● DATA SEGMENT:
━━━━━━━━━━

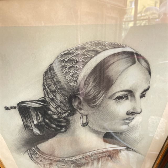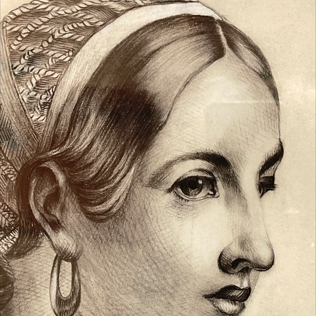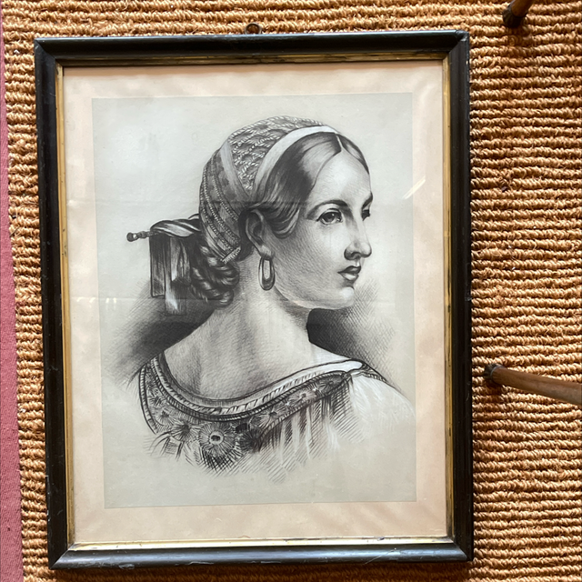 Kunstwerk Zeichnung Frauenportrait ca. 1780 antik B: 42 cm, H: 53 cm unsigniert
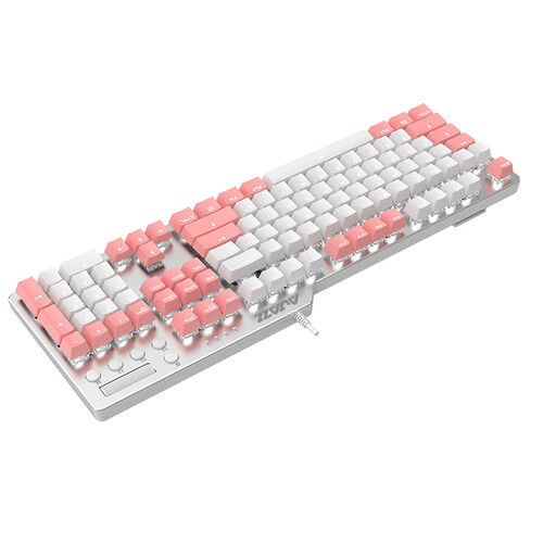 键盘上有四个指示灯,键盘大小写是否开启等一眼就可以看出来,十分方便。双色键帽不容易磨损,长时间使用也能保持质感。
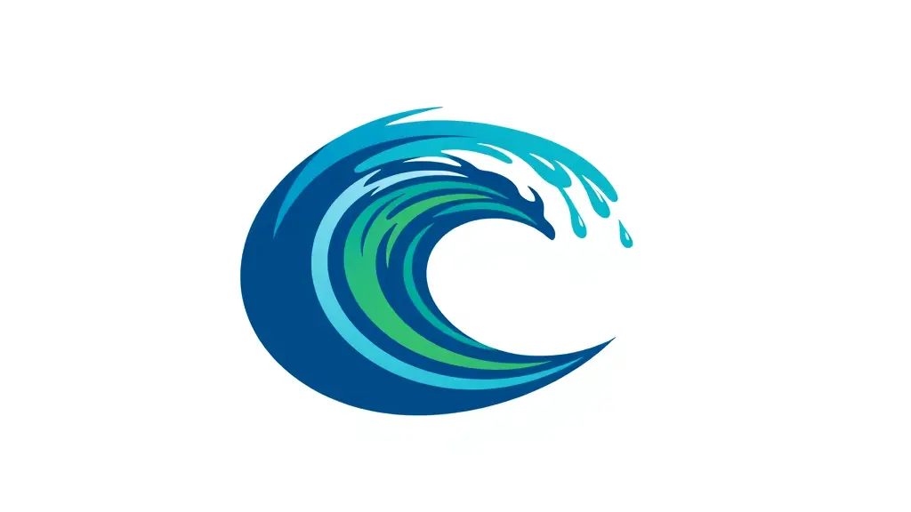 شعار موجة غير متناظر لماركة ركوب أمواج، بتدرجات الأزرق والأخضر والأبيض، تصميم عصري

━━━━━━━━━━

The lines to write out run from the one containing "键盘上有四个指示灯,键盘大小" through the final line of the material above, both included; write them out exactly, with no pictures.

● TASK RESPONSE:
 键盘上有四个指示灯,键盘大小写是否开启等一眼就可以看出来,十分方便。双色键帽不容易磨损,长时间使用也能保持质感。
 شعار موجة غير متناظر لماركة ركوب أمواج، بتدرجات الأزرق والأخضر والأبيض، تصميم عصري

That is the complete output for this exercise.